In commemoration of the forty-fifth anniversary of Elvis Presley’s passing, I’ve got my hands on a totally exclusive titbit: an extract from Tom Doyle’s forthcoming Running Up That Hill: 50 Visions of Kate Bush. It’s a fragmentary guide to the maverick musical genius based around their conversations, and which is set to be published in October 2022 by Nine Eight Books.
With Tom a former Q and MOJO magazine colleague and author of well regarded biographies on Billy Mackenzie, Elton John and Paul McCartney I just knew this one would be worth asking for. This is the passage about Bush’s 2005 comeback 45 King Of The Mountain, about you-know-who, wondering if he‘s still alive and “looking like a happy man.” Hot dawg.
For Aerial, Bush reassembled familiar cast members from her previous albums: drummer Stuart Elliott, who by this stage had played on every one of her records since The Kick Inside (‘He’s a bit like my lucky mascot now,’ she said), her brother Paddy on backing vocals, Del Palmer engineering and playing bass, Danny McIntosh providing guitar parts.
There were some new faces – Lol Creme (10cc/Godley & Creme) sang with her on ‘π’ and ‘Nocturn’, Gary Brooker (Procol Harum) played organ or sang on three tracks, including the duet chorus of ‘Somewhere in Between’. But nevertheless the core of her creative operation involved people long-known to her.

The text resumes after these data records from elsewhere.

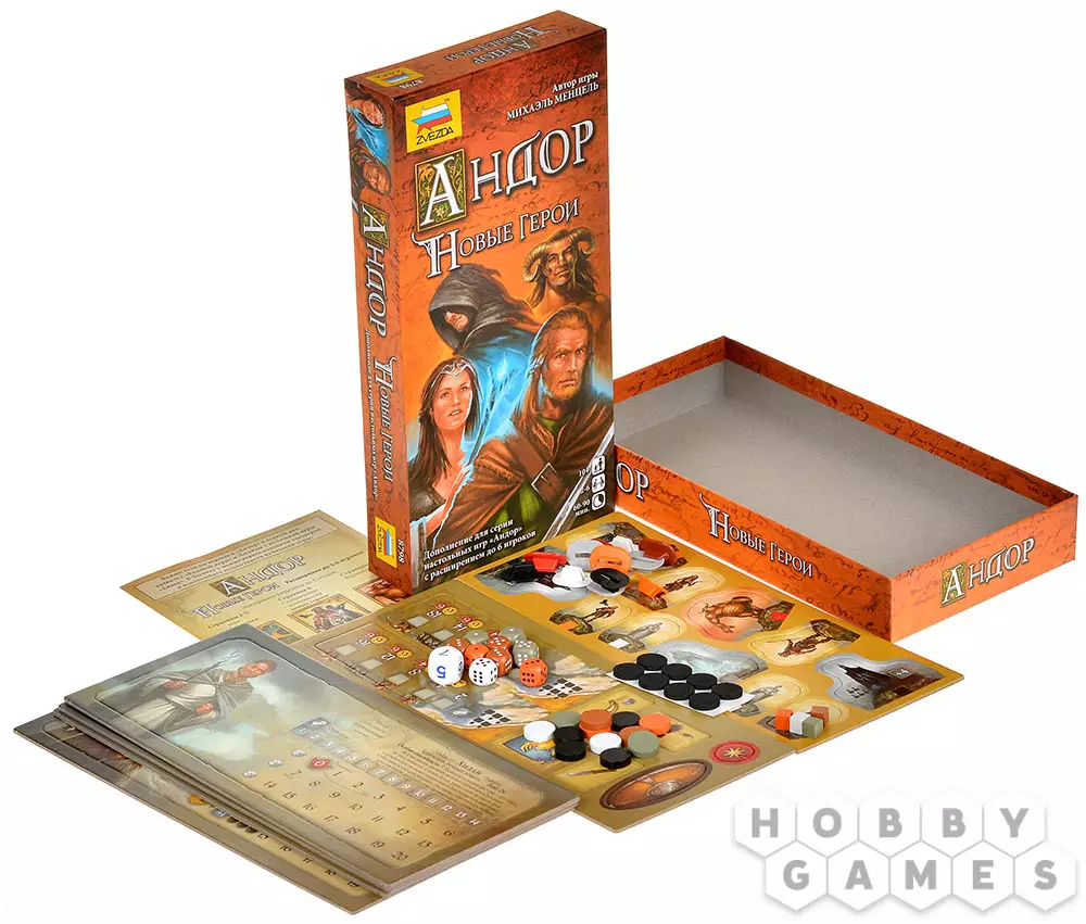 Дополнение "Андор: Новые Герои" расширит количество персонажей базовой игры ещё на четырёх, каждый из которых – уникальный персонаж со своими способностями, предметами, сильными и слабыми сторонами. На защиту Андора становятся следопыт Фенн со своим ручным вороном, хранитель речных земель Кила, рогатый Брагор, вооружённый копьём, сильный как в ближнем бою, так и на дистанции, и хранитель чёрного архива Арбон. Кроме новых героев, в коробке вы найдёте могущественный артефакт – Братский щит. Дополнение позволяет играть в базовую игру вшестером.
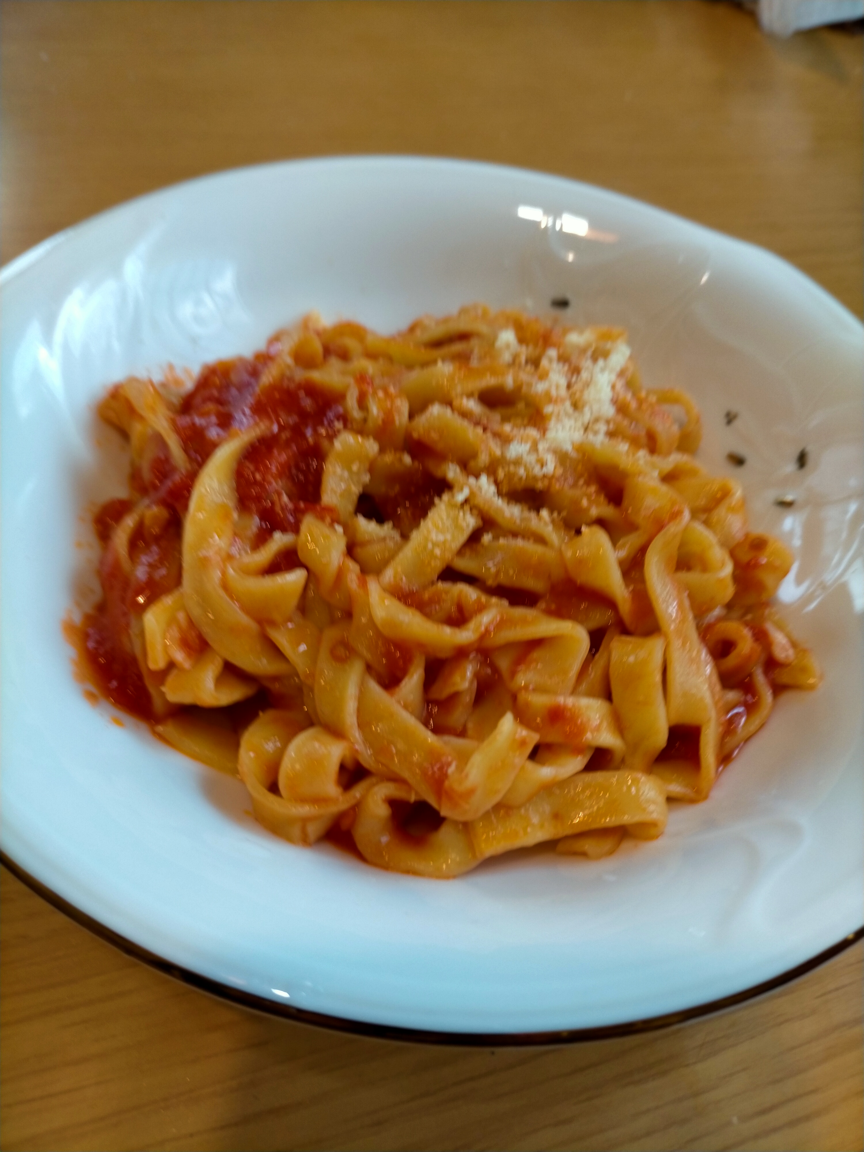 肝心の味わいは、想像していた以上にトマトソースのフレッシュ感と酸味が感じられ、トマトの味をダイレクトに味わえました。生パスタは特有のモチモチ食感が楽しめられ、平打ち麺であるのでトマトソースとよく絡み食べやすかったです。
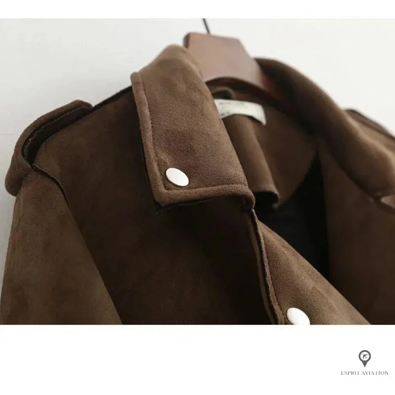 Découvrez la Veste Aviateur Femme en Daim Marron pour un Look à la Fois Chic et Intemporel !
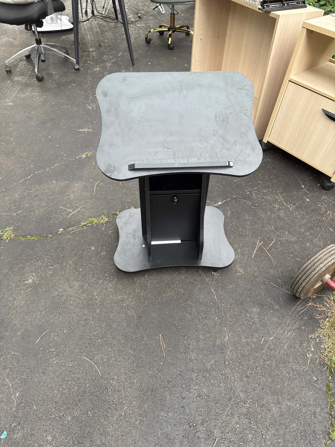 Selling a black presentation podium. It has a sturdy base and a convenient shelf for storage. It's perfect for speeches, presentations, or lectures.
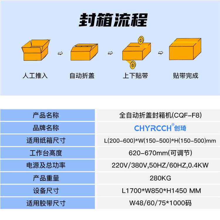 全自动胶带封箱机快递纸箱包装自动调节宽高折盖封箱打包机自动化
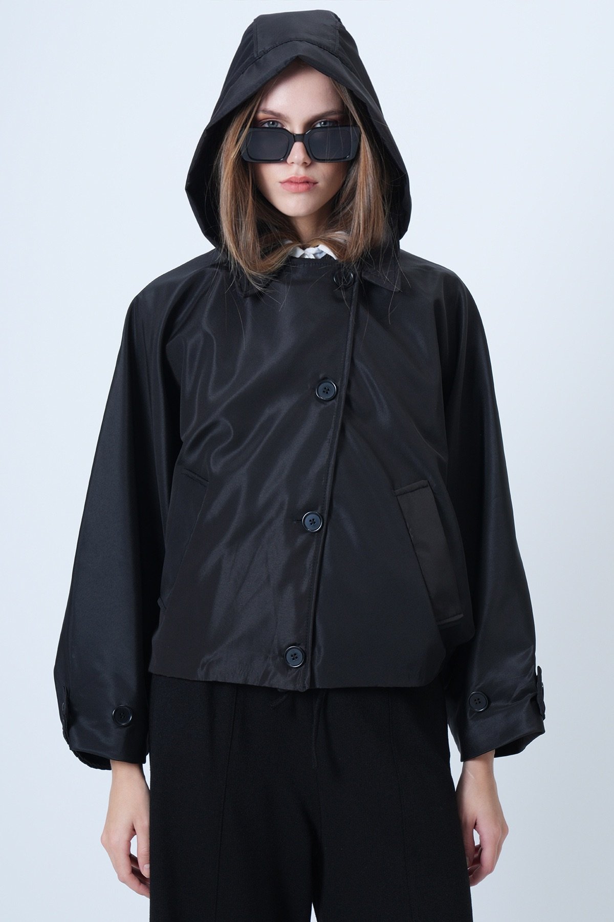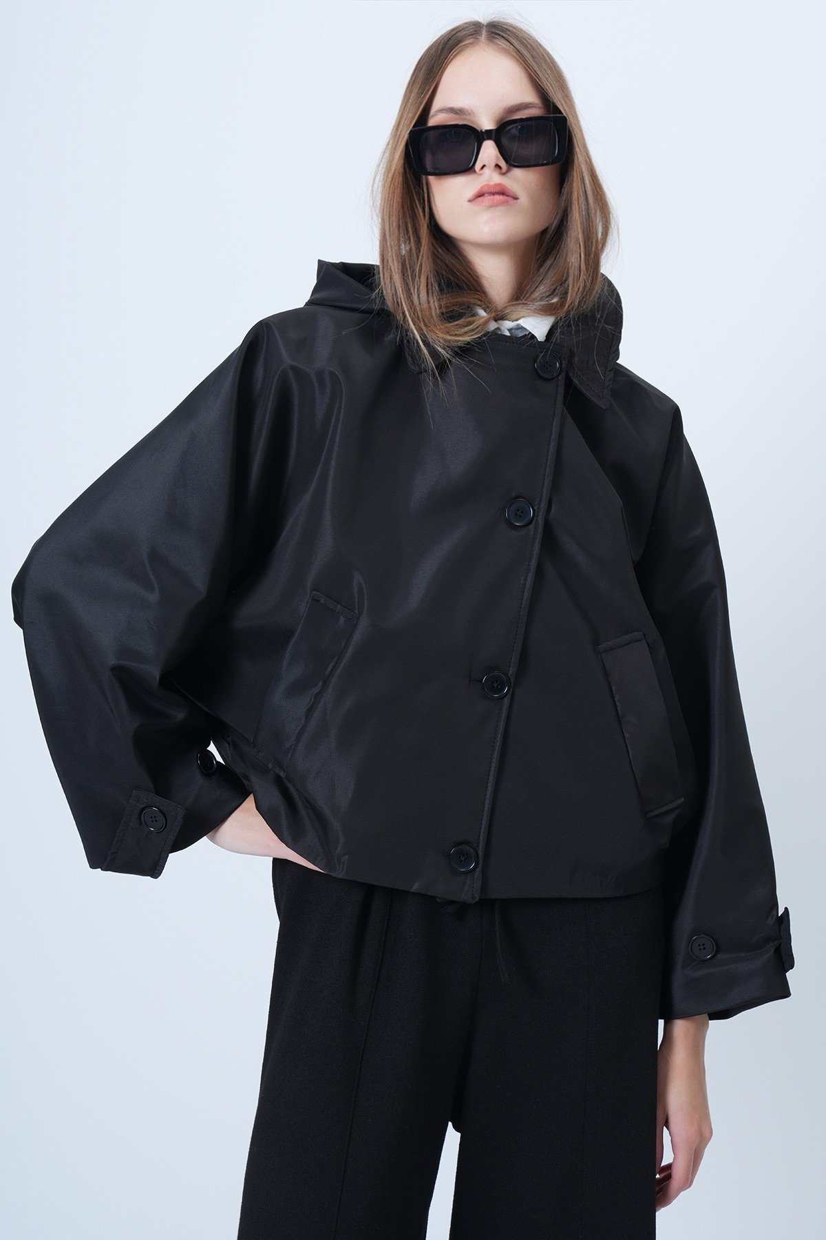 Çift Ceplidüğme Kapamalı Kısa Trençkot - SİYAH Çift Ceplidüğme Kapamalı Kısa Trençkot - HAKİ

Aerial began with ‘King of the Mountain’, the first song Kate had written for the album. Its lyric explored the idea that Elvis Presley was alive and well and living in some remote, snowy, elevated location. More significantly, it was someone who’d had myths built around her, writing about another individual who’d had even greater myths built around him. It was essentially a song about fame.
‘There’s only three or four people who’ve been as famous as Elvis,’ Bush reckoned. ‘You’ve got Elvis, you’ve got Frank Sinatra . . . even Marilyn Monroe, I think it probably happened more after she died. But Sinatra and Elvis lived these lives that . . . I mean . . . I can’t imagine what it must have been like.
‘What a horrible nightmare. Particularly for somebody like Elvis. Because the impression I get was that he was fun-loving and just happened to be really gorgeous and sexy and talented. And I think, y’know, partly why people respond to him the way they do – and I really feel strongly about this – is that people [sense] an intention from somebody, whether it’s an actor or a singer. People felt that Elvis was a really genuinely sweet person and that’s why everybody loves him so much. Not that I know a great deal about Elvis, but I thought he was a very beautiful- looking man with a fantastic voice and this fun-loving quality where you see he’s up there kind of taking the piss out of himself.’
I said I’d recently re-watched Presley’s 1970 Vegas-era documentary, That’s the Way It Is, and it had struck me that it often must have been a real laugh being Elvis.
‘Well, I hope it was. What I see is somebody who was a sweetheart in the truest sense, just being eaten alive. To be as famous as he was . . . how could anybody survive that and still be a human being? I see him as being destroyed really by the fact that he was so famous. So I just love the idea of him being alive somewhere, away from all the people and the greed and the wanting to take him over.’